Tout en vous remerciant de l’intérêt que vous avez manifesté à l’égard du secteur public et en vous informant qu’il vous est bien entendu loisible de participer au prochain examen-concours, je vous prie d’agréer (…) ».

Par lettre recommandée du 17 mars 2005, le mandataire de Monsieur …, en se prévalant de la jurisprudence récente des juridictions administratives en la matière, demanda au ministre de la Fonction publique et de la Réforme administrative, ci-après désigné par le « ministre », de « reconsidérer le classement de l’examen-concours de mon client quant à l’admission au stage dans la carrière du cantonnier et de l’admettre à un des trois postes déclarés vacants ».

Par courrier du 12 avril 2005 à l’adresse du mandataire du demandeur, le ministre refusa de faire droit à la prédite demande d’admission au stage pour les motifs suivants :

« Maître, En réponse à votre courrier du 17 mars 2005, j’ai l’honneur de vous faire tenir ma décision quant à l’admission au stage de la carrière du cantonnier de Monsieur … à la suite l’examen-concours sous rubrique.

Il est vrai que l’intéressé a été informé par courrier du président de la commission d’examen du 24 juillet 2003 qu’il s’était classé en troisième rang audit examen sans qu’il ne puisse toutefois accéder directement à l’une des trois vacances de postes à pourvoir à la suite de cet examen en raison du fait que trois candidats de l’Armée bénéficiaient d’un rang de priorité.

Il est également exact que par deux jugements du 2 février 2004 et du 31 mars 2004 confirmés par la Cour administrative, le Tribunal administratif avait annulé les décisions du ministre de la Fonction publique et la Réforme administrative refusant l’admission au stage de deux candidats classés en rang utile au même examen-concours au motif que la disposition correspondante consacrant le droit de priorité des volontaires de l’Armée, à savoir l’article 25 de la loi modifiée du 23 juillet 1952 concernant l’organisation militaire, prévoit qu’un règlement grand-ducal précise les modalités d’application du droit de priorité et que ce règlement grand-ducal faisait défaut.

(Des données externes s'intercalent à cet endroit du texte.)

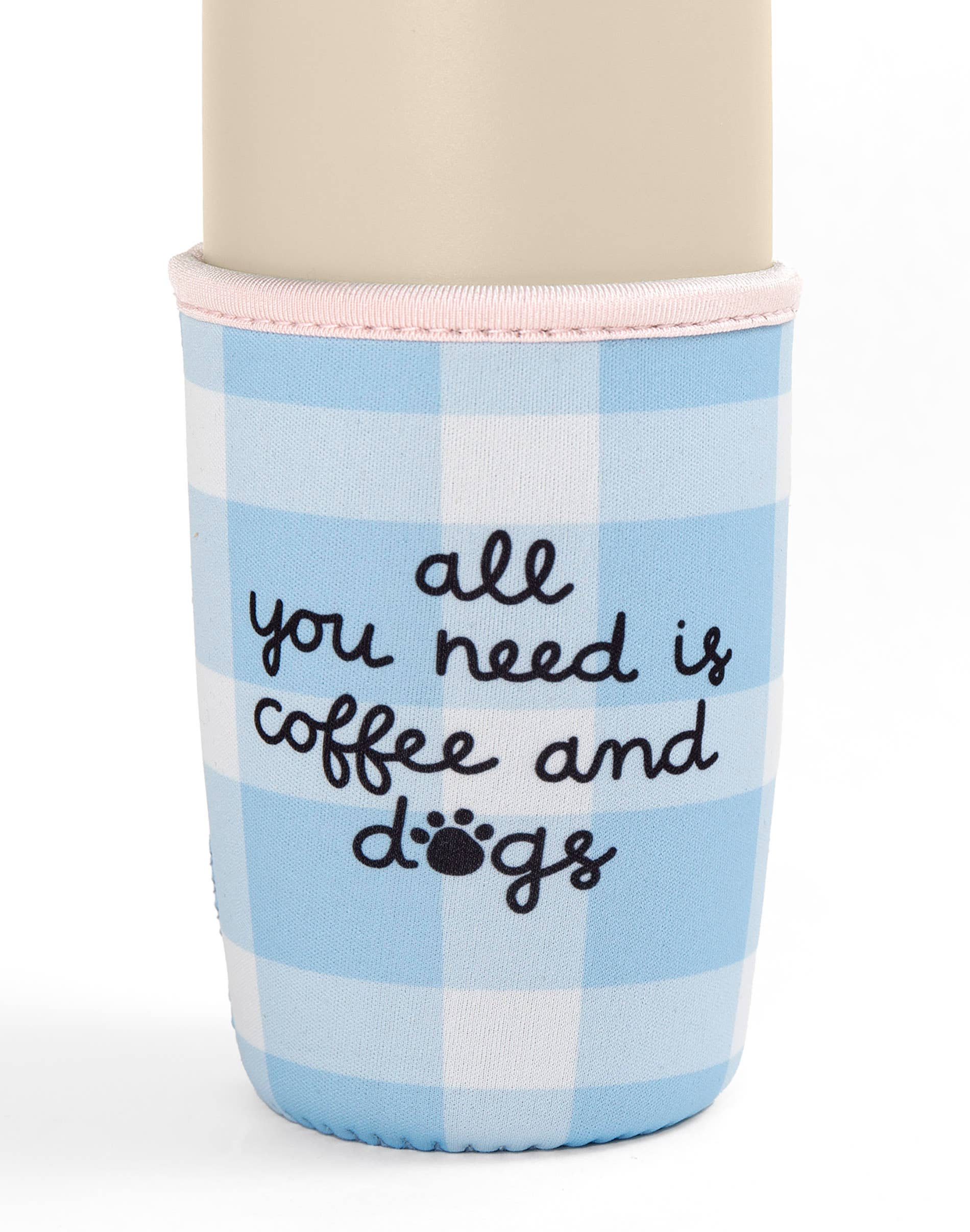 Keep your drinks cool and your hands warm with our Coffee & Dogs Coffee Sleeve! Featuring a fun blue gingham design and the hand-lettered phrase 'all you need is coffee and dogs,' this sleeve is perfect for any dog lover or pet parent. It's ideal for iced coffees, teas, and other beverages. Great as a gift for friends, family, or yourself, this coffee sleeve adds a touch of canine charm to your daily routine. • Features: Small fits a 16-18oz cup; Medium fits a 22-24oz cup • Material: Neoprene •

Ceci étant, je constate que votre requête vise maintenant l’admission au stage d’un candidat ayant participé à un examen-concours organisé il y a maintenant presque deux années. En dehors de la question des délais de recours contentieux qui se poserait en cas d’action judiciaire, il est entendu que je dois me placer, en ce qui concerne la décision à prendre, dans la situation légale telle qu’elle existe à l’heure actuelle, les décisions administratives n’ayant par ailleurs pas vocation à avoir un effet rétroactif.

Dans ce contexte, il appert que le vice qui avait donné lieu aux décisions d’annulation des juridictions administratives que vous invoquez a été réparé dans la mesure où le règlement grand-ducal d’exécution qui manquait a été pris, à savoir le règlement grand-ducal du 13 décembre 2004 concernant le droit d’exclusivité et le droit de priorité des volontaires de l’armée pour les emplois de la carrière inférieure des administrations, offices, services et établissements publics y compris les établissements d’assurance sociale, les communes, les établissements et syndicats communaux et la société nationale de chemins de fer luxembourgeois.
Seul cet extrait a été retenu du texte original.